Doğanın kâh çetin kâh teskin edici koşulları, Salinas Vadisi’nin engin topraklarındaki mütevazı bir çiftlik evinde yaşayan insanların birbirleriyle ilişkilerini de belirlemektedir kuşkusuz. Otoriter babasının sürpriz bir biçimde hediye ettiği al midilli de Jody için yeni bir dünyanın kapılarını açar. Steinbeck, Jody’nin beklenti ve hayalkırıklığı, sorumluluk ve kaygı, sabır ve hüsran gibi yetişkinler dünyasının alışıldık halleriyle ilk karşılaşmalarını doğa ve hayvan sevgisiyle bütünleşmiş bir biçimde resmederek hüzünlü ve bir o kadar gerçek bir anlatı çıkarıyor ortaya. Yaşanan toplumsal kırılmaların sesi ise her satırda kendini hissettiriyor…
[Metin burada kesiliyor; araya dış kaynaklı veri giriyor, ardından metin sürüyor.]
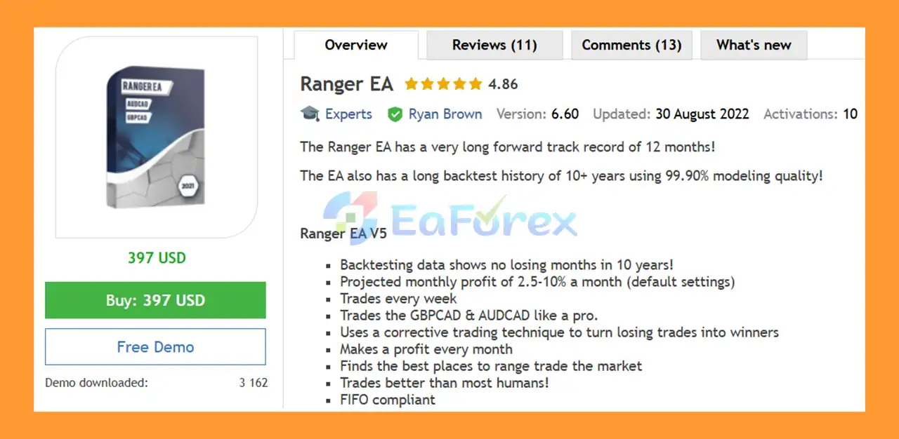 In summary, Ranger EA MT4 stands out as a powerful and reliable Forex Expert Advisor for traders seeking consistent, automated profits on the MetaTrader 4 platform. With over 10 years of high-quality backtesting, a strong 12-month forward performance, and intelligent range-trading strategies, it delivers stable monthly returns while effectively managing risk. Its focus on GBPCAD and AUDCAD, combined with advanced corrective trade management and optimized default settings, makes it an ideal choice for both beginners and experienced traders looking for a low-maintenance, professional trading solution.
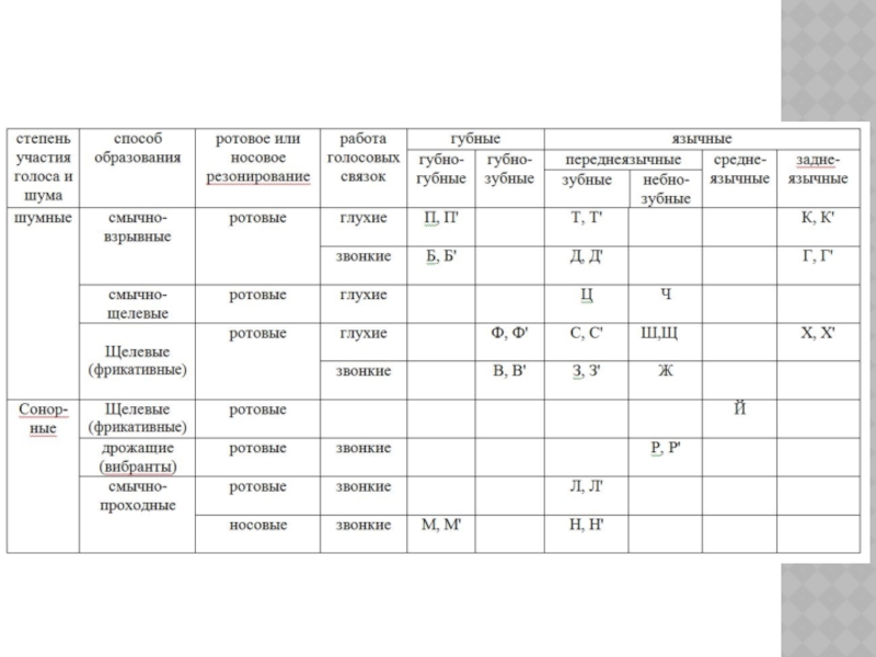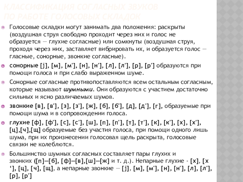 Большинство шумных согласных составляет пары глухих и звонких ([п]—[б], [ф]—[в],[ш]—[ж] и т. д.). Непарные глухие - [х], [х‘], [ц], [ч], [щ], а непарные звонкие — [j], [м], [м'], [н], [н'], [л], [л'], [р], [р']

Al Midilli Alıntıları - Sözleri
- ...düşersen kesinlikle hayal kırıklığına uğrayıp vazgeçme. İnsan ne kadar usta olursa olsun onu sırtından atacak bir at mutlaka bulunur...
- Hep birilerini ayartıyorsun ki işler ters gidince suçu üstüne yıkasın...
- Başına ne geleceğini kimse bilemez. Ne sen, ne ben, ne de bir başkası...
- " Kendine acı çektirmek için başka nefis yollar da bulmuştu..."
- "Gidecek bir yer yok. Okyanus seni durdurur..."
- " Hayvanlar uzun süre kapalı kalmayı sevmez..."
- " O kahramanlık çağında yaşamak isterdi, ama kendisinde pek de kahramanlık kumaşı olmadığını biliyordu..."
- " Tanıdıklarına git. Ölmek için yabancıların yanına gidilmez..."
- "Bir özlem okşadı tenini, öyle keskindi ki ağlayarak atmak istedi onu göğsünden..."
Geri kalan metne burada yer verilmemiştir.